# Source material

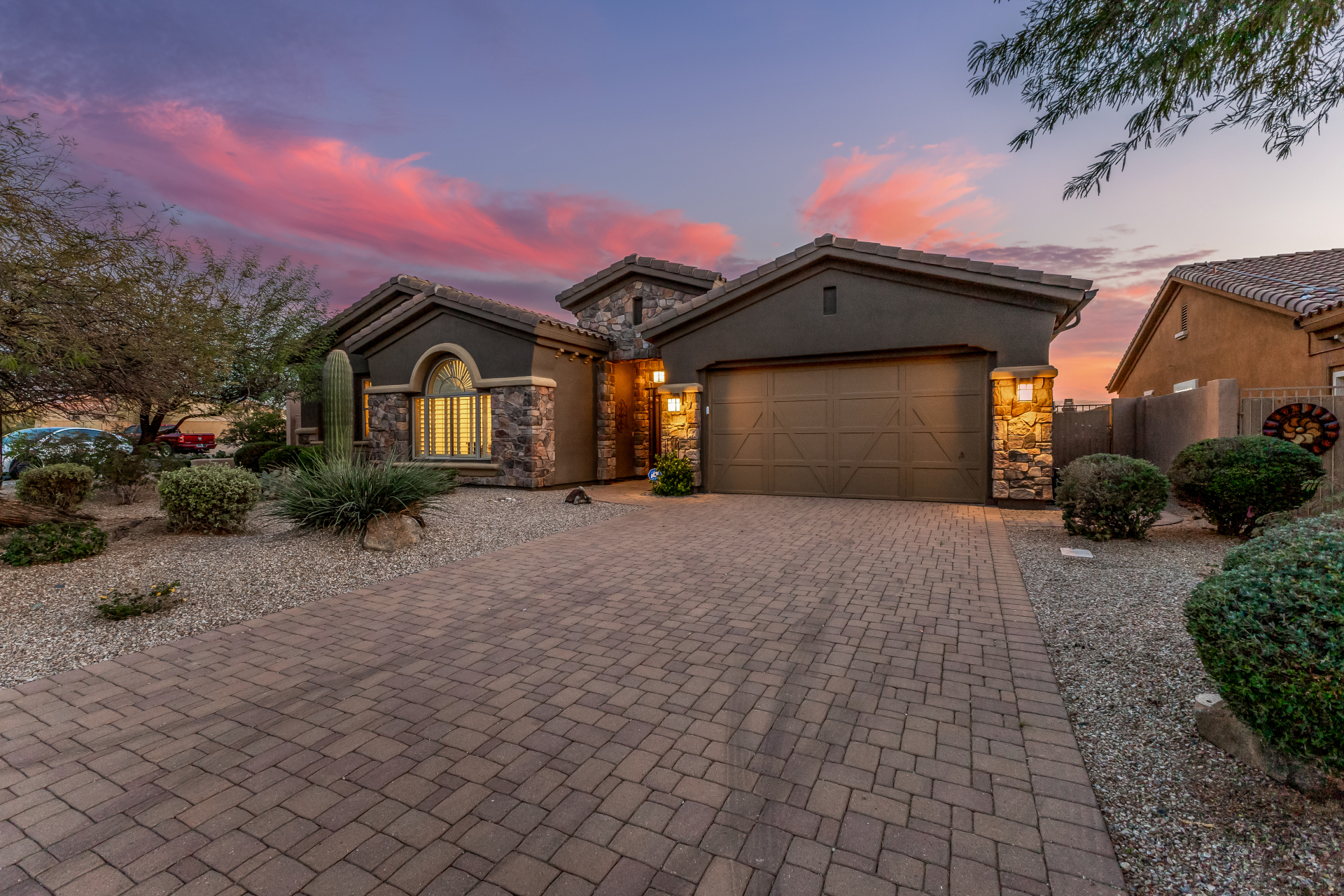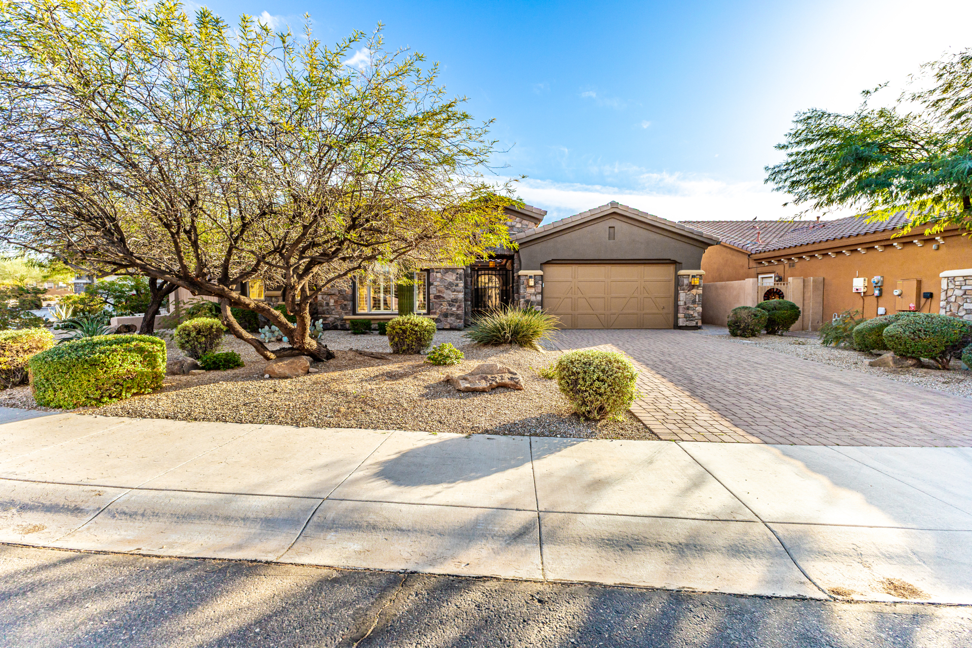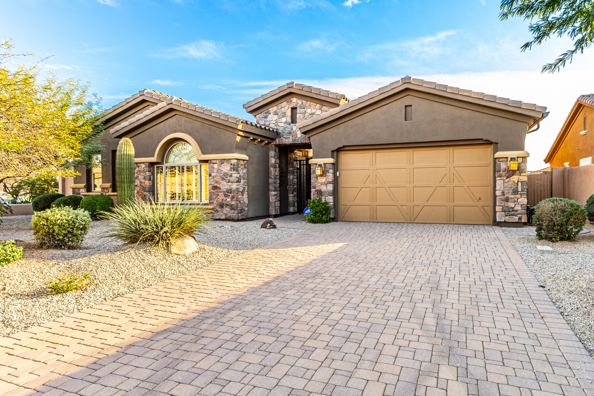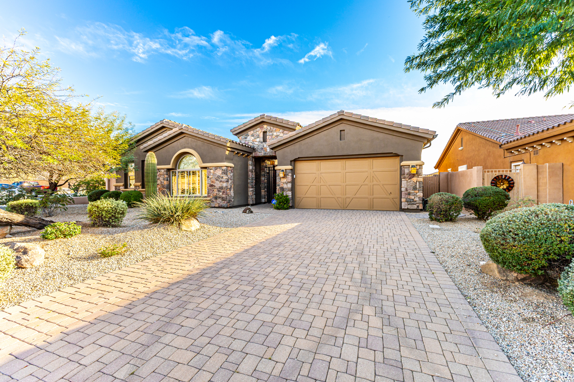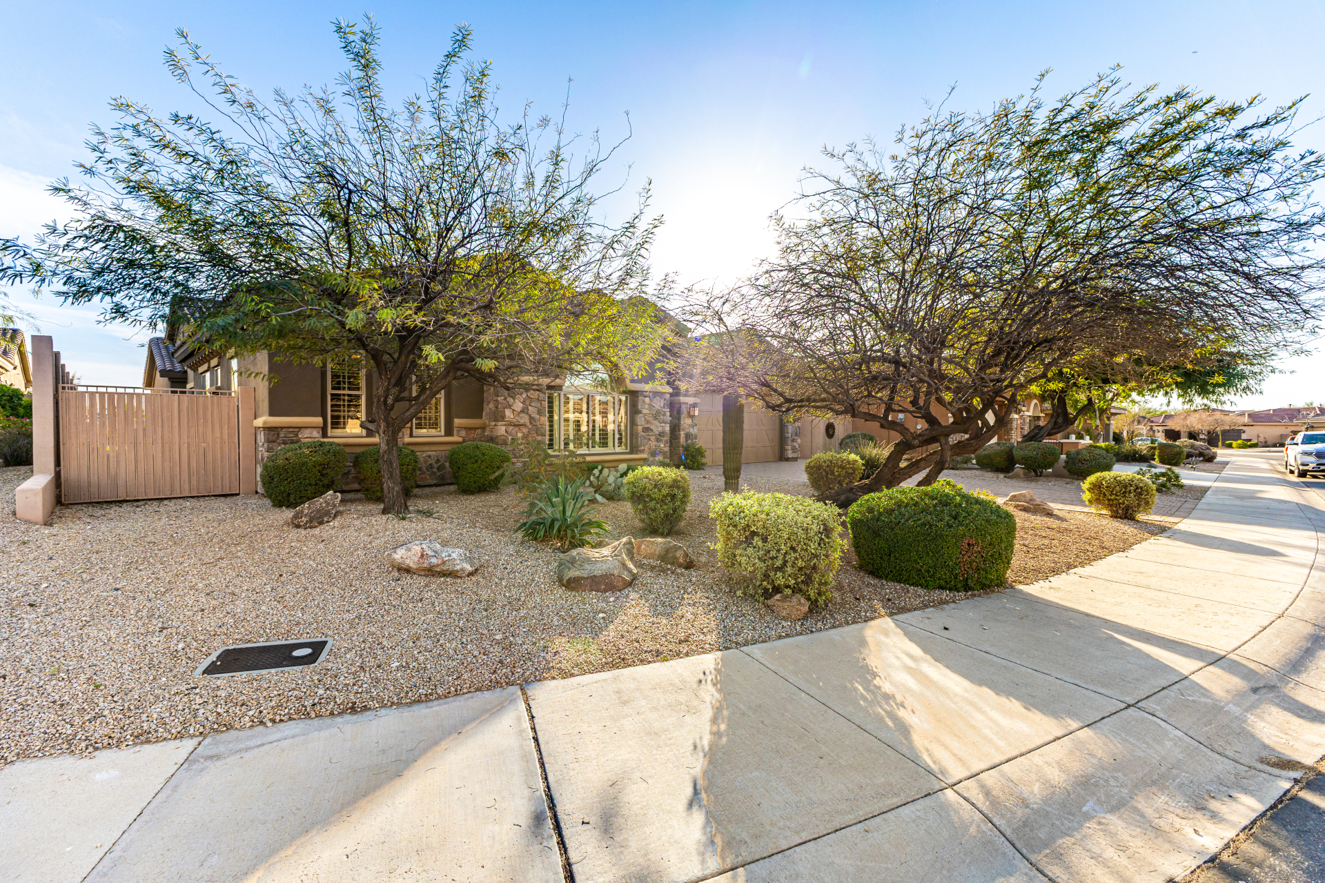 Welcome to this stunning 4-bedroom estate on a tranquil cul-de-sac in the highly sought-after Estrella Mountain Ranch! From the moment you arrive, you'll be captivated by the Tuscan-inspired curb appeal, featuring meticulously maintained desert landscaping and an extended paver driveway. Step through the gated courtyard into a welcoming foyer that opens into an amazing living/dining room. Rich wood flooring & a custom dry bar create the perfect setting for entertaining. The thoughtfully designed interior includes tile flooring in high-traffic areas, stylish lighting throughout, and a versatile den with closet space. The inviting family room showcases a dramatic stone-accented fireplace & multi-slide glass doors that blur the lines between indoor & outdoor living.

* * *

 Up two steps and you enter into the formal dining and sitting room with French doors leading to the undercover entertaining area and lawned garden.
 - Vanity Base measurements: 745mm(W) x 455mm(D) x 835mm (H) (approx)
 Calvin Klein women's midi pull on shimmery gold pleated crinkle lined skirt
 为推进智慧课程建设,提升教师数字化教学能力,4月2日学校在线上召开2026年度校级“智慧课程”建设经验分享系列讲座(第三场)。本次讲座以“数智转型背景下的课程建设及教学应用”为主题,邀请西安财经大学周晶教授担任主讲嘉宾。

==

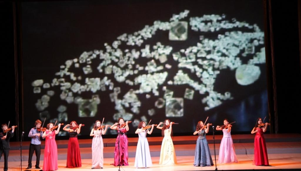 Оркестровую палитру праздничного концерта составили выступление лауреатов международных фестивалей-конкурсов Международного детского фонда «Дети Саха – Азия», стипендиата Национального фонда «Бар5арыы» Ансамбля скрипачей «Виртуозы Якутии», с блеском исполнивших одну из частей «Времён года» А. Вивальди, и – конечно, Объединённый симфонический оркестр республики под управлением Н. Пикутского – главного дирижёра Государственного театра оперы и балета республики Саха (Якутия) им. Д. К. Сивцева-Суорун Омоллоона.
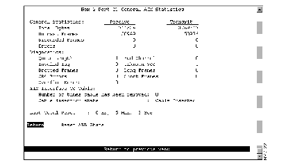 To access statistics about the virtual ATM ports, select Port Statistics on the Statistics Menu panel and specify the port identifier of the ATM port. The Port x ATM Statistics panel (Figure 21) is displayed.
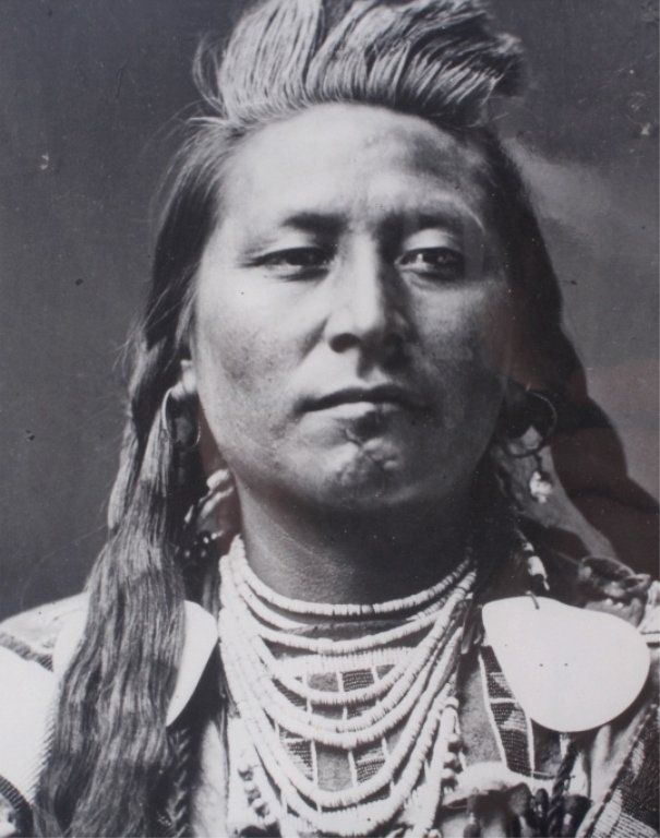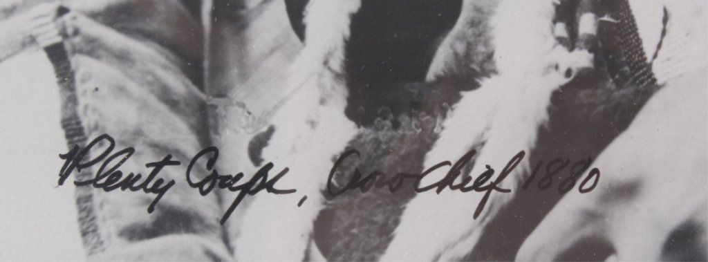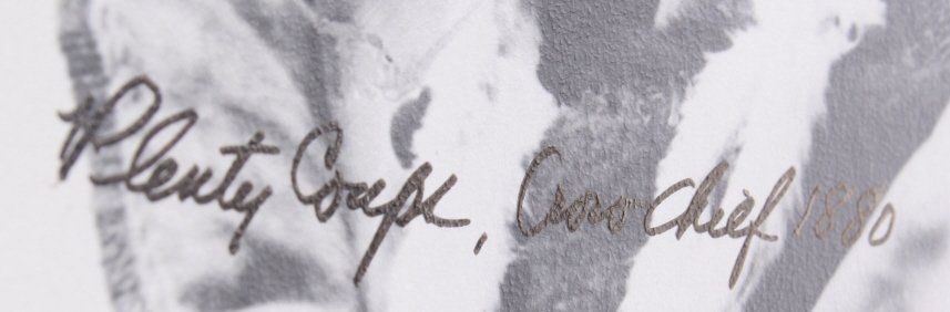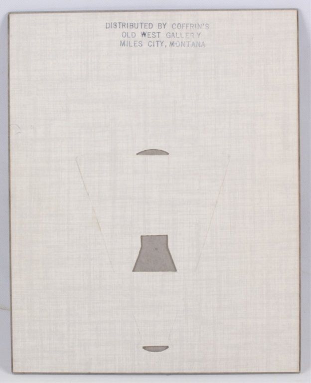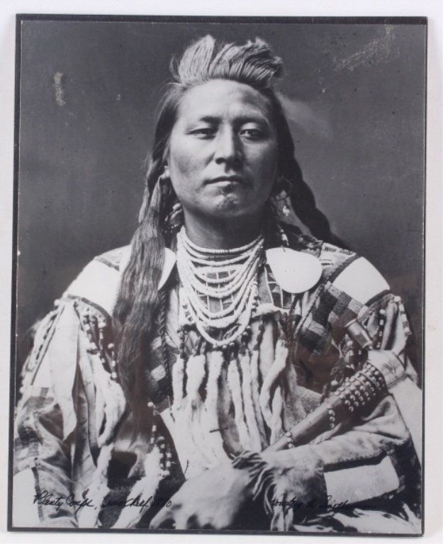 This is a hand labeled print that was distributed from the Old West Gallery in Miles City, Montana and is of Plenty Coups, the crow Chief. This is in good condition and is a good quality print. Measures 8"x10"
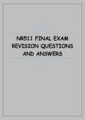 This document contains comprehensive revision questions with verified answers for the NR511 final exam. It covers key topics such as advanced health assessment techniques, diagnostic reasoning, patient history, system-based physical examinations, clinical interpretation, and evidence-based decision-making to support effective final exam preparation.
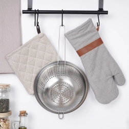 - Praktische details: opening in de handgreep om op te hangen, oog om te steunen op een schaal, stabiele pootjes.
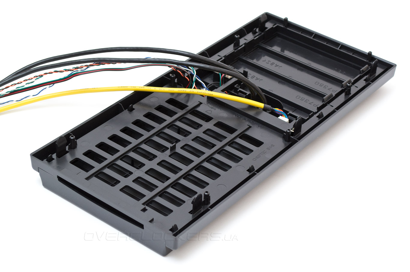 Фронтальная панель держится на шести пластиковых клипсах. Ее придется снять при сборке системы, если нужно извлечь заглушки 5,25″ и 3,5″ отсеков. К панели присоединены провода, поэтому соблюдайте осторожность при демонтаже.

# Task objective
From the material above, set down exactly the lines between the line holding "- Vanity Base" and the line holding "为推进智慧课程建设,提升教师", inclusive. Include nothing else.

# Reply
 - Vanity Base measurements: 745mm(W) x 455mm(D) x 835mm (H) (approx)
 Calvin Klein women's midi pull on shimmery gold pleated crinkle lined skirt
 为推进智慧课程建设,提升教师数字化教学能力,4月2日学校在线上召开2026年度校级“智慧课程”建设经验分享系列讲座(第三场)。本次讲座以“数智转型背景下的课程建设及教学应用”为主题,邀请西安财经大学周晶教授担任主讲嘉宾。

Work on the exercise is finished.